*About this task*
Starting at the first line of the records and stopping at the line that contains "- Remove the", transcribe every line exactly and leave out the pictures.

*Stored items*
=== Begin Enclosure ===

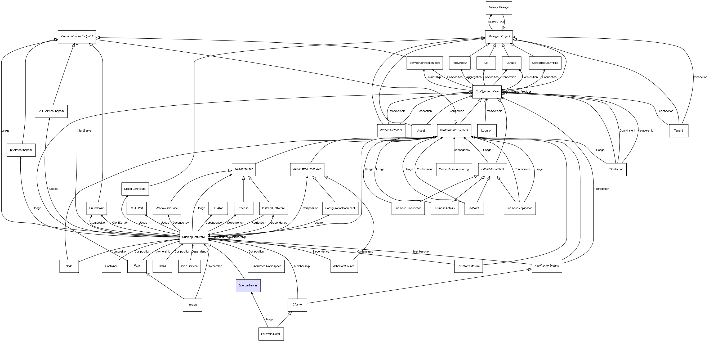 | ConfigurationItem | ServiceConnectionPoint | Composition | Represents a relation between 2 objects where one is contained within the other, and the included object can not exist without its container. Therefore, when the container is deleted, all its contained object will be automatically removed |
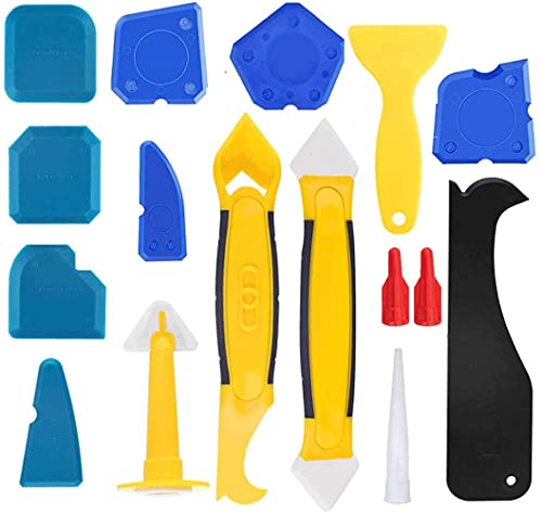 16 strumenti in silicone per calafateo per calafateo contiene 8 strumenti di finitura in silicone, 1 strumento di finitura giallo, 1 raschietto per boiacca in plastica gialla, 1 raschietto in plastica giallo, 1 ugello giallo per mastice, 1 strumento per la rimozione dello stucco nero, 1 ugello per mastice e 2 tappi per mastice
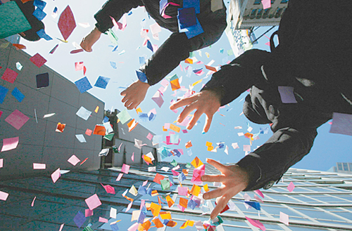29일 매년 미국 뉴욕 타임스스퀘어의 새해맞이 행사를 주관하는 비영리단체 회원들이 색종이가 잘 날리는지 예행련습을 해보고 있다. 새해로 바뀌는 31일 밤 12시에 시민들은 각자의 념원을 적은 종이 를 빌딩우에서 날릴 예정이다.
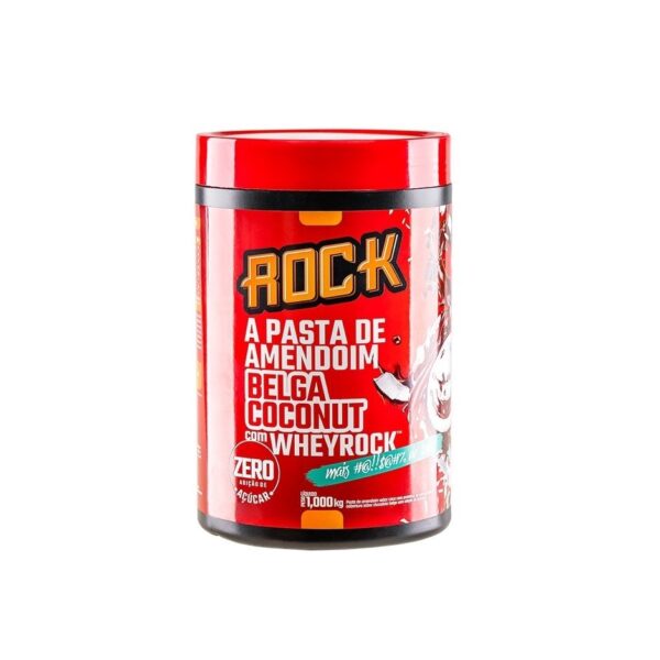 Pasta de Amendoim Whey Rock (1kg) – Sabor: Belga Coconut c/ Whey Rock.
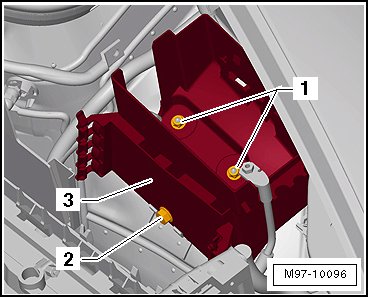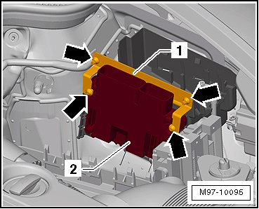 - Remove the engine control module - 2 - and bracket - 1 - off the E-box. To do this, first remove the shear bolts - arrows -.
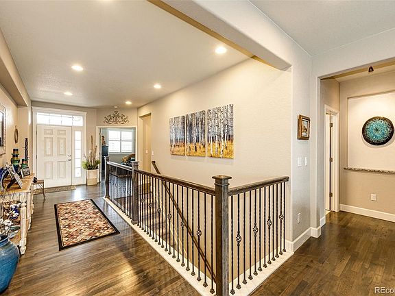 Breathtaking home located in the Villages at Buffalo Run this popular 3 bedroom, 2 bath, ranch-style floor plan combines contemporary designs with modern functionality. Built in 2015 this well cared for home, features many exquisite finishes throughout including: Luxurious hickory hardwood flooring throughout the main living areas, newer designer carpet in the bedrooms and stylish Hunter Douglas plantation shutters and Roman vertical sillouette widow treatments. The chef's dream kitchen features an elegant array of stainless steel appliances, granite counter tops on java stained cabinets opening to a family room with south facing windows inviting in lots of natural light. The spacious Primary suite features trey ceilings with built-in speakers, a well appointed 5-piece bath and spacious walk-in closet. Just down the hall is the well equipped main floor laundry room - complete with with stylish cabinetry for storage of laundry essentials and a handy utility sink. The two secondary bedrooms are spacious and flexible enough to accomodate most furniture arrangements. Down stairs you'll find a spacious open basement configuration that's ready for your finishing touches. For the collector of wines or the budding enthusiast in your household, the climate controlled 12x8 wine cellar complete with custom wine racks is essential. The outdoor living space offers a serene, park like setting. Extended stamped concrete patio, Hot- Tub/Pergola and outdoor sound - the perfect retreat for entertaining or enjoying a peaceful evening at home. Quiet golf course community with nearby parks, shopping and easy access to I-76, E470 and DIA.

=== End Enclosure ===

*Response*
 | ConfigurationItem | ServiceConnectionPoint | Composition | Represents a relation between 2 objects where one is contained within the other, and the included object can not exist without its container. Therefore, when the container is deleted, all its contained object will be automatically removed |
 16 strumenti in silicone per calafateo per calafateo contiene 8 strumenti di finitura in silicone, 1 strumento di finitura giallo, 1 raschietto per boiacca in plastica gialla, 1 raschietto in plastica giallo, 1 ugello giallo per mastice, 1 strumento per la rimozione dello stucco nero, 1 ugello per mastice e 2 tappi per mastice
29일 매년 미국 뉴욕 타임스스퀘어의 새해맞이 행사를 주관하는 비영리단체 회원들이 색종이가 잘 날리는지 예행련습을 해보고 있다. 새해로 바뀌는 31일 밤 12시에 시민들은 각자의 념원을 적은 종이 를 빌딩우에서 날릴 예정이다.
 Pasta de Amendoim Whey Rock (1kg) – Sabor: Belga Coconut c/ Whey Rock.
 - Remove the engine control module - 2 - and bracket - 1 - off the E-box. To do this, first remove the shear bolts - arrows -.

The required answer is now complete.